Committee members convened at 3:30 pm using virtual meeting platform.
PRESENT: Diane Lebson, Tom Meuser, Luke Shorty, Celeste Branham, Pam Proulx-Curry, Jenni Tilton-Flood, Maryalice Crofton.
DISCUSSION.
I. Urgent and timely matters from Volunteer Maine staff
A. New staff: Lucy Martin accepted the Climate Corps Coordinator position on an interim basis. She will be on staff through a temp staffing agency. The regular Climate Corps Coordinator position is still in the HR system waiting for the move from Limited Period to regular. Until it comes out, we have to use temp staffing to get the work done. Lucy has her MS from UMaine and undergrad from Oberlin College. She currently lives in Chicago but will complete the move back to Maine and be in the office by January 6, 2025. While in Maine this week to secure housing, she will participate in the Maine Climate Corps Network meeting and get all the state onboarding done.
B. Hiring schedules: To avoid doing all positions at once in March, the hiring process for a permanent Public Information Officer will start this month. The Volunteer Services Coordinator position came out of HR with approval this week. The next step is to get approval to spend the associated funding. This position is a 5year limited period one because it is tied to the Resilient Maine grant. The budget order should be signed December 19 so the hiring process can start in January. That leaves the Climate Corps Coordinator and reclass of 2 positions still in HR.

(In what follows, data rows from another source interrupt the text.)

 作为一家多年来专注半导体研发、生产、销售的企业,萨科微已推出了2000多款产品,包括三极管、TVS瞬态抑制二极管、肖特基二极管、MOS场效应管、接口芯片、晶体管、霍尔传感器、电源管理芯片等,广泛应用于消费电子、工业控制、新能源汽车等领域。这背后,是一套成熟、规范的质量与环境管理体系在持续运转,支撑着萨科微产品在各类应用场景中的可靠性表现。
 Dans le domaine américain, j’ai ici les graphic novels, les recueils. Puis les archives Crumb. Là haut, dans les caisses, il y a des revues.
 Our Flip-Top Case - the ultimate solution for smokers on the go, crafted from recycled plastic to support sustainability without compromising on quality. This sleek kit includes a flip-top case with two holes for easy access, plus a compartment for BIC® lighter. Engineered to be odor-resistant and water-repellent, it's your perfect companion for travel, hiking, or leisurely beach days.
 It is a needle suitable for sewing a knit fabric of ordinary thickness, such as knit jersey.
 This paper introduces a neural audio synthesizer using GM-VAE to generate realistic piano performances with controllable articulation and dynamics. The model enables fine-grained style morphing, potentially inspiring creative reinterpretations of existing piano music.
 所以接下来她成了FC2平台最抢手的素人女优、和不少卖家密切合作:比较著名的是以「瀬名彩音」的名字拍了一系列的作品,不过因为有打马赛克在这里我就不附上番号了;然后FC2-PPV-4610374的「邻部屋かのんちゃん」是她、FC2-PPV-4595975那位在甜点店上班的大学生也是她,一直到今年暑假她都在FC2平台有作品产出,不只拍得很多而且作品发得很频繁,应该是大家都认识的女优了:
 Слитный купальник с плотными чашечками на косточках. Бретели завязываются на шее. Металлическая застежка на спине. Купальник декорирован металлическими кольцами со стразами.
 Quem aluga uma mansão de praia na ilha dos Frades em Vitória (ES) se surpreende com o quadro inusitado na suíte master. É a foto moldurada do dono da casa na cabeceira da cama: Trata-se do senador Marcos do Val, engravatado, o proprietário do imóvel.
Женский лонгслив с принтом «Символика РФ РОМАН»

C. Commission relocation: MOCA has been assigned office space on the third floor of Marquardt. The move will likely happen next summer. It is a very secure building so access to staff will be more difficult than it is now. There are meeting rooms on the first floor. People who will be moving to MOCA have been invited to meet in that space mid-December. Maryalice reported the various programs have been advised they will need to bring or buy furnishings, something not in our budget.
D. Other: It was noted that the most recent Maine climate action plan talks about funding Climate Corps as part of strengthening and growing a climate ready workforce. Related actions may be better understood after the joint meeting of Commissioners and legislators on Thursday.
II. General updates and planning
A. Federal insight shared at Transition Task Force. Shorty recapped the report from ASC’s Executive Director about federal likely scenarios related to funding AmeriCorps for the year that started October 2024. The funding impacts whether grants can be made in spring 2025 and whether there would be Commission operating funds starting July 1, 2025. At first the collective strategy planned was to stay under the radar during the early days of the new administration. That was thwarted by the publication of the federal AmeriCorps agency’s audit report which, for the eighth year, stated the records could not be audited. The best case is flat funding for existing budget programs. Worst case is the proposed elimination of AmeriCorps and state commission funding that is in the House budget version, is enacted. ASC is preparing strategies to tide over Commissions until another budget year (worst case). This prospect led to a discussion among Exec members about which duties and activities the Commission would continue to do as well as what staffing would be left. There would be a skeleton staff and the work would be concentrated but the Commission would continue to function. Exec members agreed the Foundation board needs to be aware of the situation and the heightened need for their fundraising to succeed. Luke will contact the Foundation president and ask if he could speak at their board meeting which is in 48 hours. All the Exec members will try to attend.
B. Connecting with new legislature. The Commission will again send the welcome/congratulations letter to all legislators and invite them to meet the service programs at our annual Hall of Flags event. Also, the orientation presentation for the Commission’s oversight committee (State and Local Government) will be in January. Luke will present. It was noted that the MOCA director had shared news that SLG may not be their oversight committee. Legislators on other committees have indicated they want oversight responsibility. If so, the Commission will continue to have its budget overseen by a committee that is not its oversight body.
III. Volunteer Maine Commission Meeting and Agenda review
The scheduled agenda items include a guest (Samantha Horn, Director, Maine Office of Community Affairs); Grant Selection and Oversight -presenting votes on competitive application process; program report from Justice Corps; Maine Service Fellows ed award presentation to James Fagan who completes service 12/13; ambassador reports; other task force reports.
There being no other discussion items, the members closed the work session at 3:45 pm.